# Aurora / Dash super mod headers



## 1976Cordoba (Sep 20, 2000)

Anyone make resin headers & bumpers for the aurora super-modified?

I was working with Bruce Gavins on this but then he died, so was wondering if anyone else found a source.


----------



## alpink (Aug 22, 2010)

well, DASH had a series of the complete bodies in kit form and completed.
I still have some of the complete bodies.
I also thought one of the bigger after market body manufacturers (like RRR) had them too (maybe NuRora?)!


----------



## 1976Cordoba (Sep 20, 2000)

Yeah RRR wants $8 per side. 

I have complete Dash mods I paid about $5 for, but not super interested in parting them out just for headers.

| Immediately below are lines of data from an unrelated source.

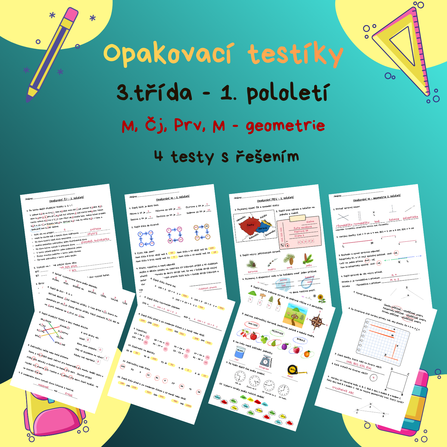 4 typy testů lze využít jako opakovací testy v hodinách matematiky, českého jazyka a prvouky. Testy jsou vypracovány tak, aby je zvládli vyplnit žáci v 1. pololetí 3. třídy.
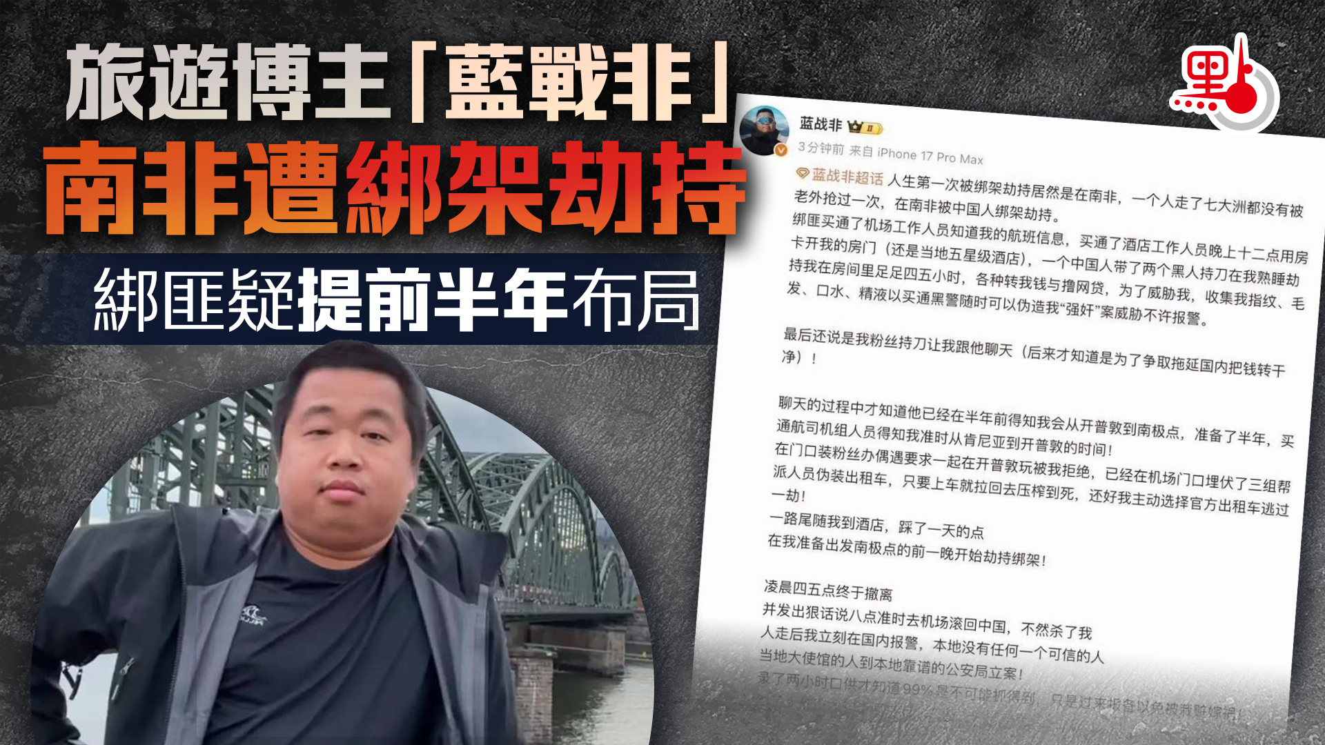 旅遊博主「藍戰非」南非遭綁架劫持 綁匪疑提前半年布局
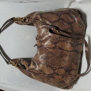 snakeskin print on leather large slouch shoulder bag hobo style with leather tassel great used condition some corner wear interior is mint by Gili
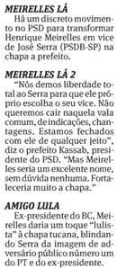 Entretanto, Serra provavelmente só aceite o PSD como vice se este conseguir vencer a disputa no STF para obter tempo de TV. De qualquer forma, seria um belo trunfo de sua campanha apresentar-se ao lado de Henrique Meirelles. O DEM, por sua vez, exige que o PSDB apoie o ACM Neto em Salvador antes de aceitar coligar-se aos tucanos em São Paulo. Ainda não temos pesquisas em Salvador, mas acho que o PSDB deve aceitar a condição, em virtude da prioridade que é a eleição na capital paulista.
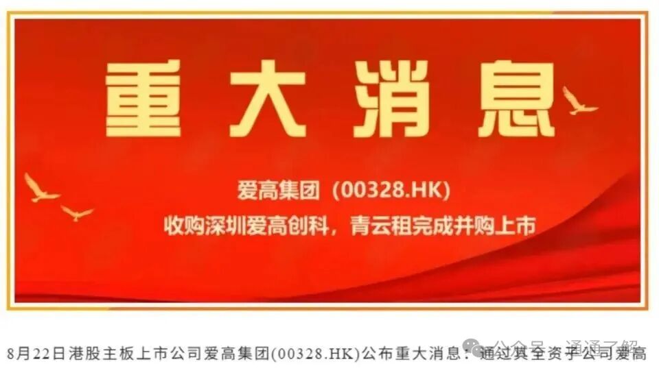 光鲜的包装是青云租骗取信任的第一步。平台在其小程序和宣传材料中醒目标注“00328.HK旗下品牌”、“国资参股”、“官方正品保证”等信息。2025年8月,青云租更是宣布被港股上市公司爱高集团(00328.HK)收购,成为其旗下成员企业。
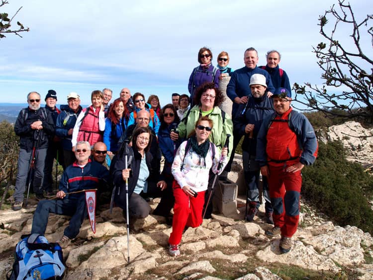 Desde el puerto de la Carrasqueta nos dirigimos hacia el este, por toda la crestería de la sierra, visitando en primer lugar el nevero del “Pou del Surdo” donde hicimos una primera parada, observando todo el valle de Jijona y las sierras colindantes – El Cap D´or y la peña Miglior – así como la bahía de Alicante. Continuamos entre pistas y senderos, subiendo y bajando, sin grandes pendientes, hasta alcanzar el punto geodésico del pico “Els Plans” de 1331 m. situado en una formación rocosa de plástica belleza, donde hicimos una parada para almorzar y contemplar los amplios paisajes que lo circundan, desde la Mariola hasta el mar, así como el devastador incendio que hace unos años asoló los alrededores de Torremanzanas.
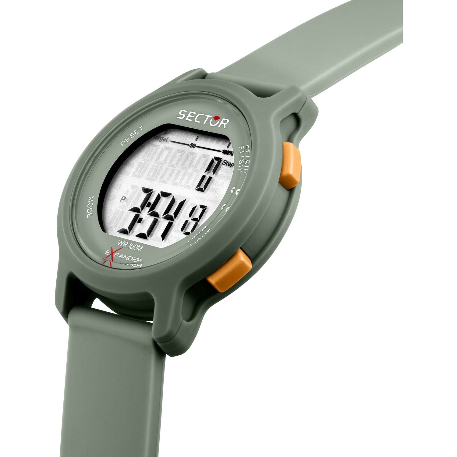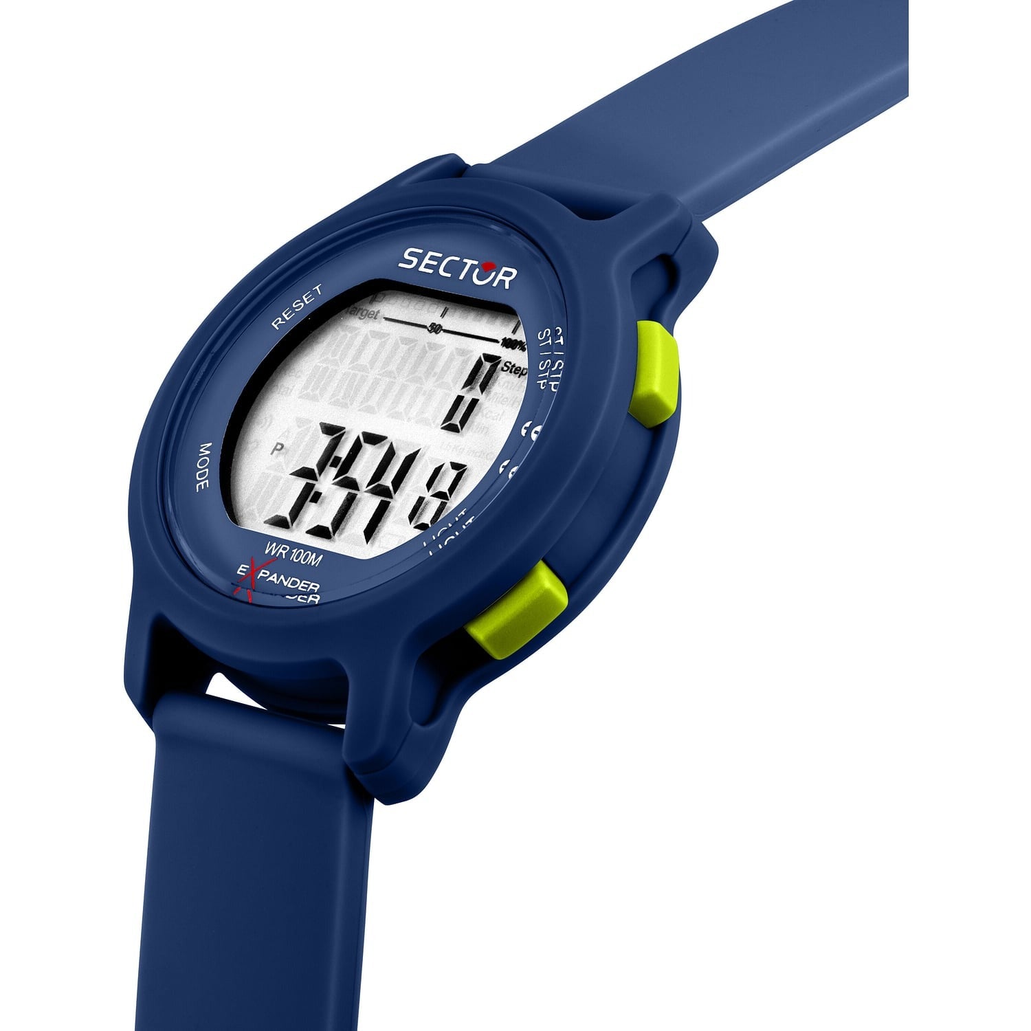 Orologio digitale unisex di Sector Expander della collezione EX-27. Cassa in materiale sintetico del diametro di 43 mm con display digitale. Cinturino in poliuretano. Movimento multifunzione digitale al quarzo. Resistenza all'acqua 5 atm.
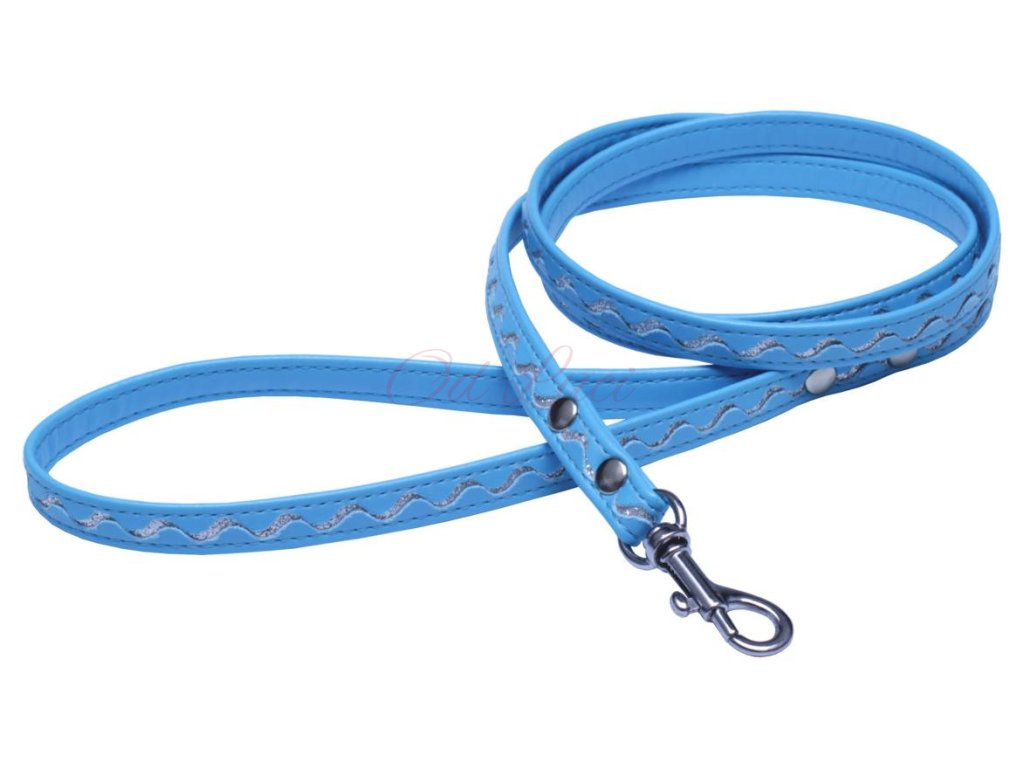 Vodítko koženka stříbrné vlnky - sv.modré 1,2×120cm
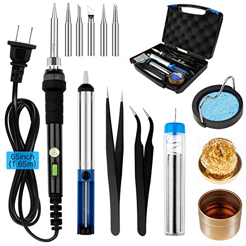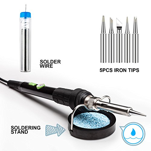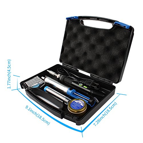 【8-in-1 Sodering Iron Kit 】 - Come with Adjustable Temperature Electronic Soldering Iron + Solder Sucker + Tin Wire Tube + 5pcs sodering tips + Soldering Stand + Tip Cleaner(Copper wires and rosin) + Angled and Straight Tweezer + Tool Carrying Case.
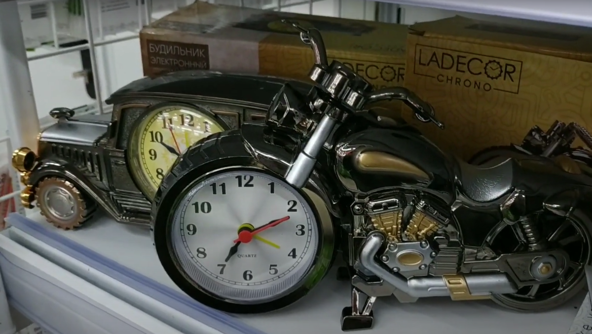Интересная форма часов для любителей ретро. Материал - пластик, часы работают на одной АА батарейке.
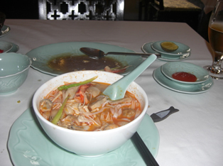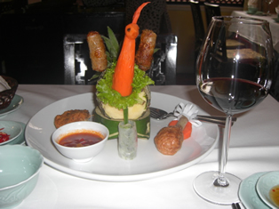 前菜の盛り合わせ。つくねとさつま揚げと春巻き。ついでに、ソフトシェルクラブの揚げ物。 ビール日本とワインを飲んだ後、アスパラの炒め物とタイ風ファー。 全部で約1000ギン。約4000円。たいして高いわけじゃないんだけど、なぜか高く感じたんだよねー。
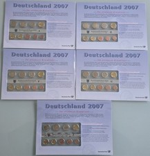 MDS DEUTSCHLAND 5 x EURO-KMS 1 CT- 1€ 2007 A,D,F,G,J MIT 2 x 2 EURO GEDENKMÜNZEN
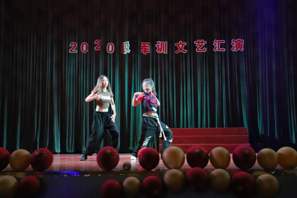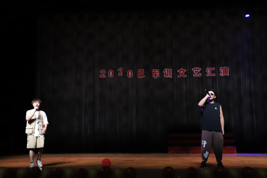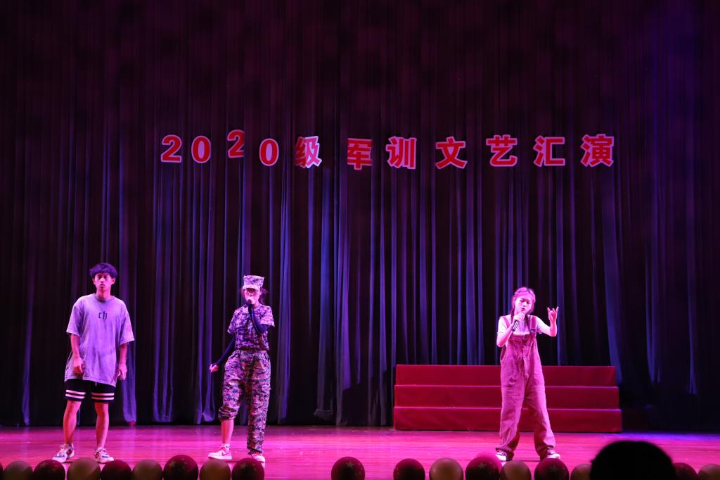 开场的是向天棋等同学带来的《中华武术》,他们舞起宝剑,静若伏虎,动若飞龙,缓若游云,疾若闪电,又稳健又潇洒。热血激昂、神采飞扬的武术表演将现场气氛烘托至高点。“我曾将青春翻涌成她,也曾指尖弹出盛夏”,一首《起风了》带来炎炎夏日中的一丝凉意,清透甜美的女声轻轻安抚着大家躁动的心,不知勾起了谁的回忆,但挥舞的荧光棒想必会是这个夏天无法磨灭的记忆。接着《百年征程 一心向党》朗诵节目将党的故事娓娓道来,从最初成立到燎原之势,从浴血奋战到最终胜利,党一路走来的脚步深重而又坚定,前辈们的丰功伟绩不断指引着我们,时刻提醒着我们要做勇担时代大任的新时代青年,努力为党和人民谋发展,为中华民族谋复兴!蒲隽逸同学《valentine》的说唱,态度十足,引得现场欢声雷动。随后是妙趣横生的小品表演《A计划》,舞台上同学们语言诙谐,表演绘声绘色,让观众们拍手叫绝。麦欣瑶、李小沅、毛怡同学的舞步踏着鼓点,观众的目光被聚光灯下的舞者所吸引。“要等待,我的爱,陪你永不离开,因为会有那么一天”,张作帅同学带来的《会有那么一天》余音绕梁,打动人心。杨天麒、石嘉恺同学的《朗诵》节目迎合潮流,雅俗共赏。最后,一首《沧海一声笑》豪气万丈,文楚帅和金典两位同学向我们营造了“江山笑,烟雨遥”的侠客氛围,军训汇演也在这超脱世俗的江湖气中落下帷幕。

Might be time to get an alumilite kit again.


----------



## 41-willys (Jan 7, 2000)

I think Parts Pig was making them


----------



## partspig (Mar 12, 2003)

I make the headers for the regular hot rods. On the Supers the headers and crash bars were one piece. Very difficult to cast! pig


----------



## 60chevyjim (Feb 21, 2008)

go to jag hobbies on ebay 
he sells 3 complete bodys with free shipping for $24
I think that's a nice price for quality chrome plated plastic parts .. 
the parts come off really ez 
just cut off the melt spots on the inside of the body that hold them on..


----------



## FOSTBITTEN (Aug 1, 2013)

Could someone post me some pics of these headers you all are talking about? I like pitchurs


----------



## partspig (Mar 12, 2003)

Here is a pic of the Hot Rod headers that I make .........below that are pics of "other" headers that I make. Several types are not pictured. Hope this helps. pig


----------



## 60chevyjim (Feb 21, 2008)

go look on ebay 

(3) Dash Motorsports Super Modified HO Slot Car Body Kits $24.
Item: 181168010902 seller jaghobbies


----------



## vansmack2 (Feb 9, 2012)

Click the link below and it will take you to Jaghobbies EBAY listings.
http://www.ebay.com/sch/i.html?_nkw...op=1&_sasl=+jaghobbies&_sop=12&_dmd=1&_ipg=50


----------



## NTxSlotCars (May 27, 2008)

Great variety of headers there piggy!!!


----------



## FOSTBITTEN (Aug 1, 2013)

NTxSlotCars said:


> Great variety of headers there piggy!!!


Yes that is quite the assortment. Maybe HookerPig instead of PartsPig would be more suitable.


----------